Lifestyle Changes to Make for Lower Blood Pressure
As mentioned, while foods that lower blood pressure are one of the best ways to get back to a normal level, you’ll need to also incorporate healthier lifestyle habits. Here are some other ways to make that happen besides eating foods that lower blood pressure.
1. Lose weight
When weight increases, so too does blood pressure. If you’re overweight, one of the best reasons to lose weight is to do so to lower your blood pressure. If not, you’re shortening your life significantly. Even if only your midsection is wider, it’s all the more reason to pay attention. Added weight around the waist elevates your chances for having high blood pressure.
2. Get regular exercise
If you’re not exercising every single day, you run the risk of having high blood pressure. That’s not to say you need to get out there and run a marathon every day, but you should at the very least devote 30 minutes per day to walking. Keep it up because if you suddenly stop, your blood pressure will go up once again. You can try any activity that you enjoy from biking to swimming to dancing so you can keep moving.
3. Say “no” to sodium
When we discussed foods that lower blood pressure, we mentioned using garlic and herbs instead of salt. However, you’ll also need to be sure that anything you eat doesn’t have added sodium. Read the labels of the foods you buy and opt for fewer processed foods. Beans are a great choice but the canned variety is so sodium-loaded it takes away from the benefits. Instead, buy the bagged beans and take the time to soak them and season them your way.
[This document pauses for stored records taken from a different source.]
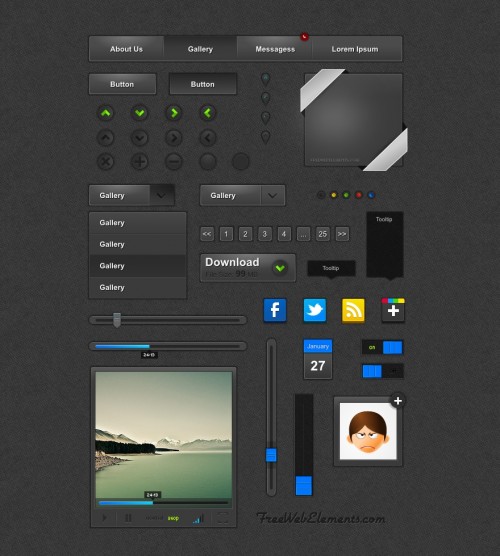This set of web page UI elements was created for specifically for dark and heavily-styled web pages. The UI Kit includes most common web design elements and is perfect for mocking up designs. In this pack you can find more than +50 elements for website design
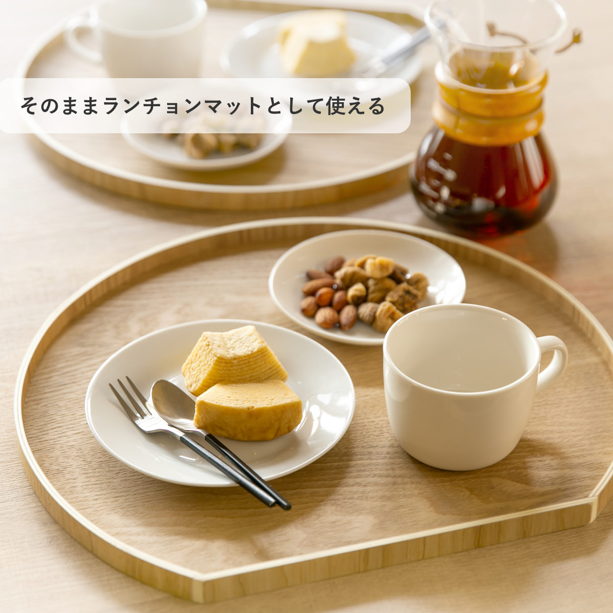 1人分のお食事をセットして、そのままランチョンマットとして使うのも素敵です。布のランチョンマットと違って、こぼしてもサッと拭けるので使い勝手も抜群です。
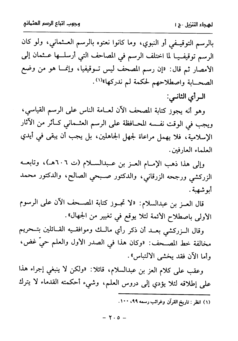 قال العز بن عبد السلام: «لا تجوز كتابة المصحف الآن على الرسوم الأولى باصطلاح الأئمة لئلا يوقع في تغيير من الجهال».
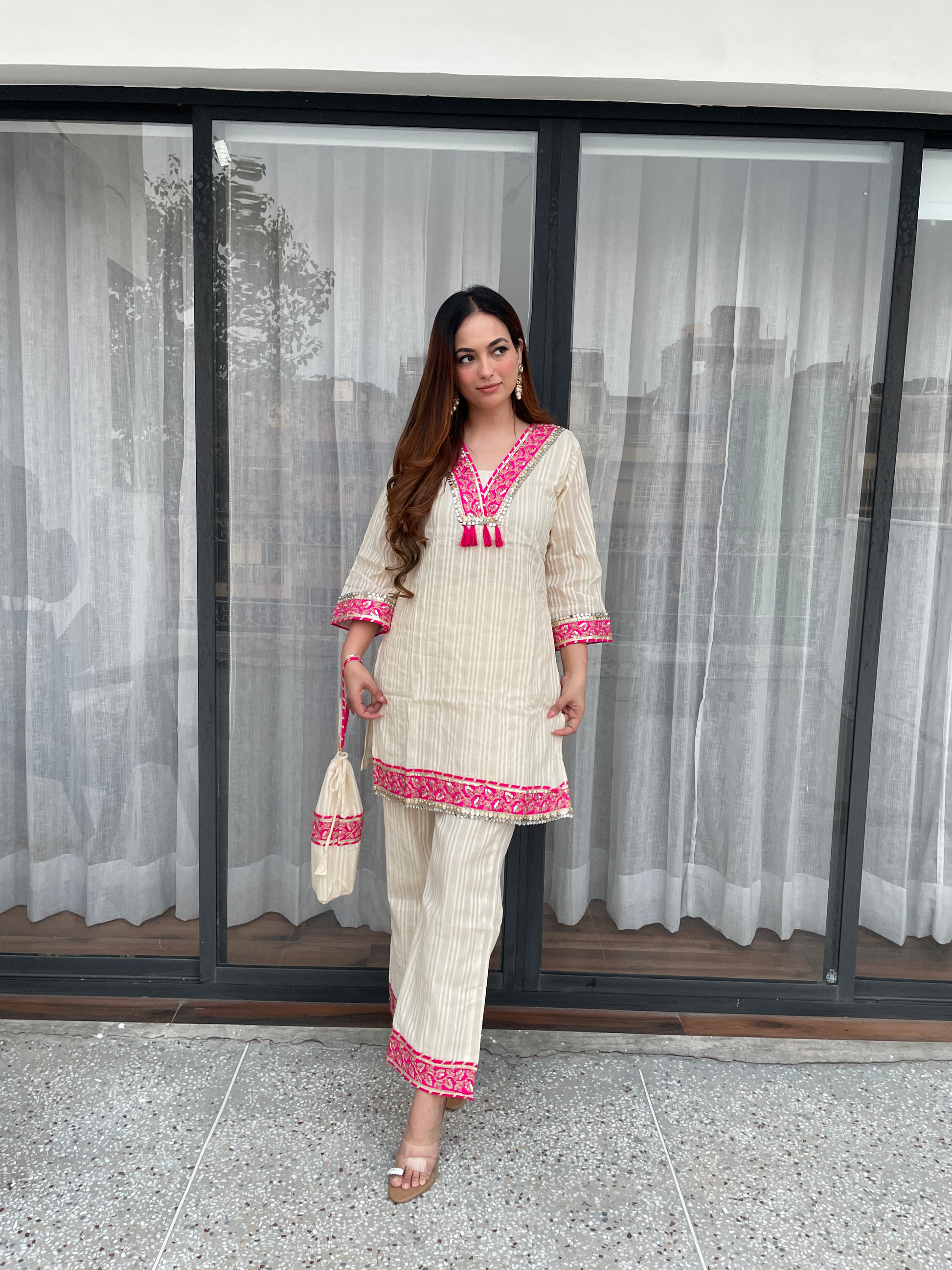 Radiate subtle elegance with our Cream Embroidered Cord Set, a seamless blend of traditional craftsmanship and contemporary charm. The kurta showcases fine pink thread embroidery along the neckline, sleeves, and hem, beautifully complemented by intricate border detailing that enhances its refined silhouette. Designed in soft, breathable cotton fabric, it ensures all-day comfort while maintaining a luxurious appeal. Paired with matching straight-fit pants and a coordinated embroidered potli bag, this ensemble is the perfect choice for festive gatherings, family celebrations, or graceful daytime occasions. Step into understated sophistication where comfort and style come together effortlessly. 🤍🌸✨
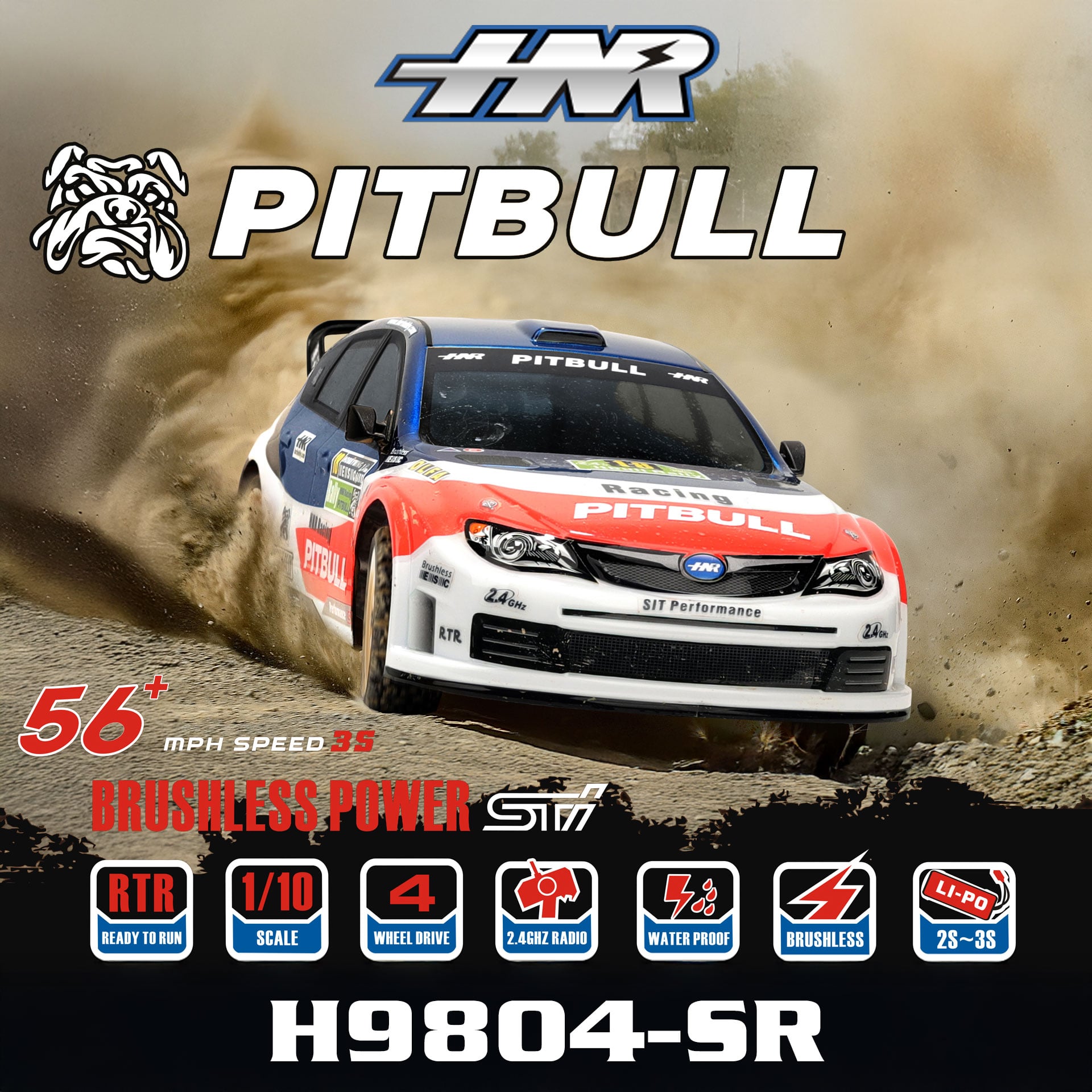 全新 鴻諾 Hong Nor 1:10 PITBULL H9804-SR 無刷拉力車 | 2.4GHz 遙控器 | Hobbywing 60A 防水無刷電變 | 3652 4000KV 無刷馬達 | 90KM/H | 藍紅色
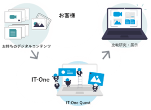 お客様が気軽に「教材作成、比較研究および展示企画」ができるシステムを目指し「クラウド版IT-One Quest」を開発中です。クラウド版IT-One Questは、WEBブラウザからのアクセスを可能とし、お手持ちのデジタルコンテンツの登録や表示順の設定をお客様自身で行っていただくことが可能となります。
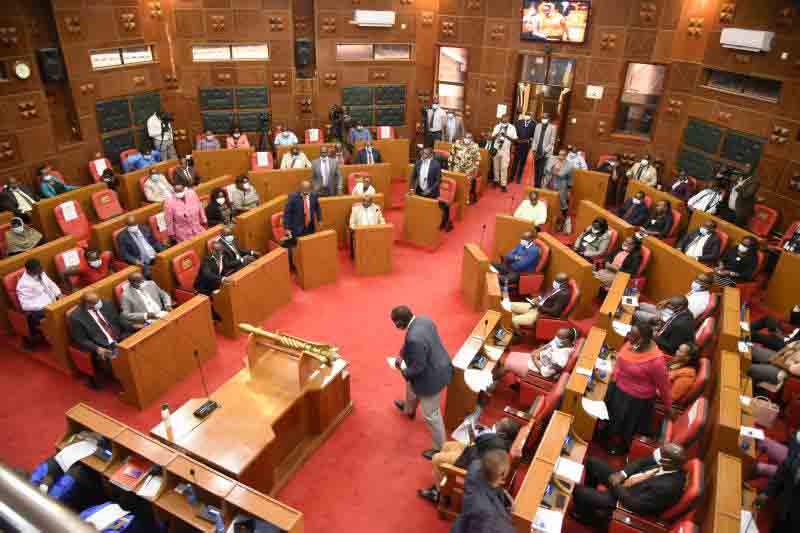 Members of Nakuru County Assembly plenary during debate and passage of Building Bridges Initiative (BBI) Amendment Bill on February 23, 2021. [Kipsang Joseph, Standard]

4. Reduce alcohol consumption
Alcohol does have benefits for the body, particularly red wine, but only in moderation. If you cross that line into excess, it can raise your blood pressure. One drink per day for women or two per day for men is considered moderate drinking.
5. Stop smoking
Cigarettes have no redeeming qualities for your health, even in moderation. They increase your blood pressure too. Quit now and you’ll reduce your chances for heart disease. Plus, you’ll feel better and smell better too.
6. Reduce stress
Stress will do you no favors. It’s time to let it go. Whatever is causing you stress, try taking positive steps to battles it. Prioritize at work to keep it from stressing you out.
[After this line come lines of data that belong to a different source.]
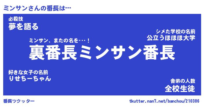 | ヒーロー風カッコイイあだ名 | 『スーパーミンサン』『暗黒騎士ミン』 |
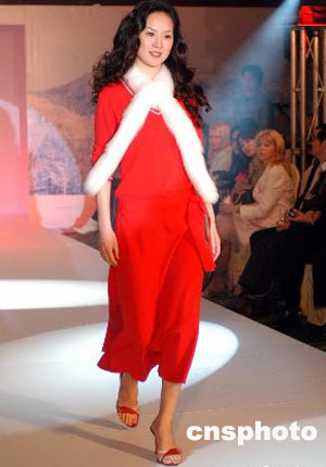 影視紅星任葆琳2月14日在香港為德國兩大著名時裝品牌Hauber & Luisa Cerano 05秋冬時裝匯演客串模特,任葆琳為時裝品牌Hauber展示05秋冬時裝。作者:鄧慶樂
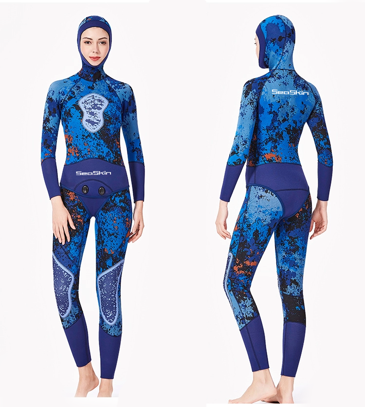 Seaskin Camo wetsuit are made of Jako neoprene which is a shining new star in European market and requtated by it’s good quality. It’s good flexibility and compression resistance make it more and more welcomed by European market. We leave the inner lining removed without any fabric laminated to create a better seal between the spearo and skin, which is called a open-celled lining, based on this we developed a special technology that a titanium coating over the open cell to make it more warmth and easy to wear on. Glued and blind-stitches seams are used so the seams doesn’t penetrate the rubber, which means no pin holes that may let the water get in, between the seams we will reinforced by glue to increase the durability and seal.
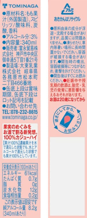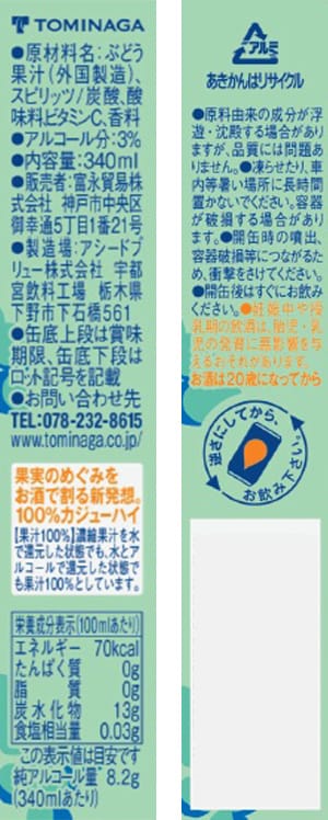 アルコール分3%のリラックスできる程よいアルコール感が特徴です。
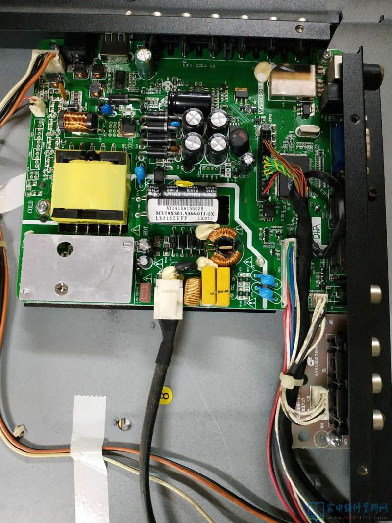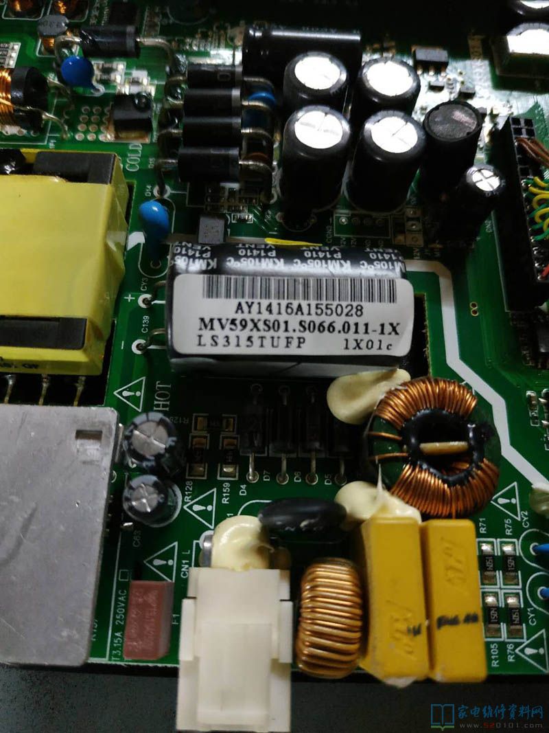 接修一台液晶电视,型号是熊猫LE32D33H,故障表现为通电不开机,拆开机器,它的主板型号是MV59XS01.S066.011-1X,屏型号是LS315TUFP11,测各路电压正常,然后刷个数据,可以开机了,故障排除。
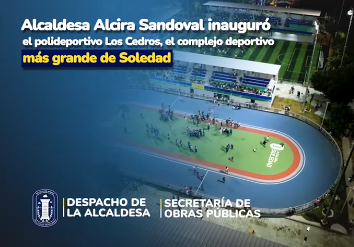 Hoy: • Alcaldesa Alcira Sandoval inauguró el polideportivo Los Cedros, el complejo deportivo más grande de Soledad * La alcaldesa anunció que pronto se iniciarán obras de nuevos parques y polideportivos en los barrios Costa Hermosa, Don Bosco IV, Almendros III y Las Gaviotas #TodosContraElDengue #VamosPa´lante
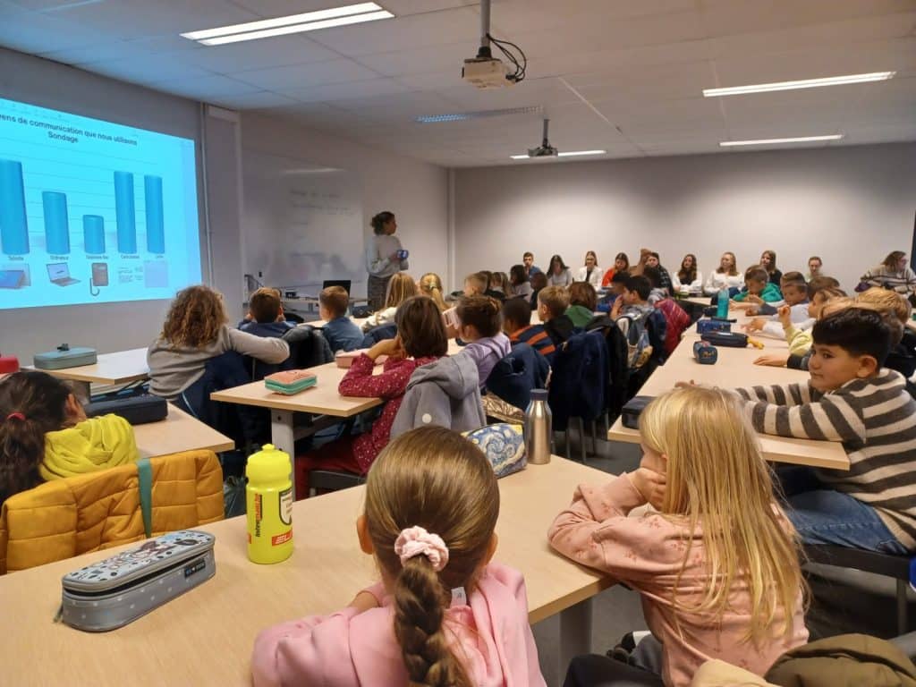 Dans le cadre de notre partenariat avec la Haute École, cette visite avait pour but de leur faire découvrir une “leçon-type” sur « L’évolution des moyens de communication », organisée dans le cadre des Ateliers de Formation Professionnelle (AFP).

Focus only on what you can control and make changes there. Take time to relax and unwind even if you are busy. You’ll find you’re a better worker, parent, lover, and friend when you nurture your needs.
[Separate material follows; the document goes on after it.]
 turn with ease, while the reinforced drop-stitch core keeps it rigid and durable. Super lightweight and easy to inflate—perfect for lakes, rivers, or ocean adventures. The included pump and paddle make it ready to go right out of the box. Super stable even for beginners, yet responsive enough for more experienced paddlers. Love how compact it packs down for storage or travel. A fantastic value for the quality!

Many people find meditation as a wonderful way to help them reduce stress and lower blood pressure. Because it helps control your mind and body, it brings about harmony which can in turn add to the other blood pressure lowering tactics you’re trying out.
8. Get more sleep
With proper sleep, your body does a lot to heal itself. If you’re not sleeping well, it can affect your blood pressure negatively. Look at your daily habits and make time for good, deep sleep.
Take Care of Yourself
High blood pressure is only the end of the world if you don’t do something about it. Take care of your health by eating foods that help lower blood pressure, exercising, reducing stress, ending bad habits, and getting good sleep are just what you need to bring back balance in your life.
Make sure you don’t skip those checkups with your doctor either. You’ll want to closely monitor your blood pressure so you can stay ahead of your health. By taking care of yourself, you’ll get the chance to see and do all the things you’ve dreamed of in your lifetime instead of cutting things off short.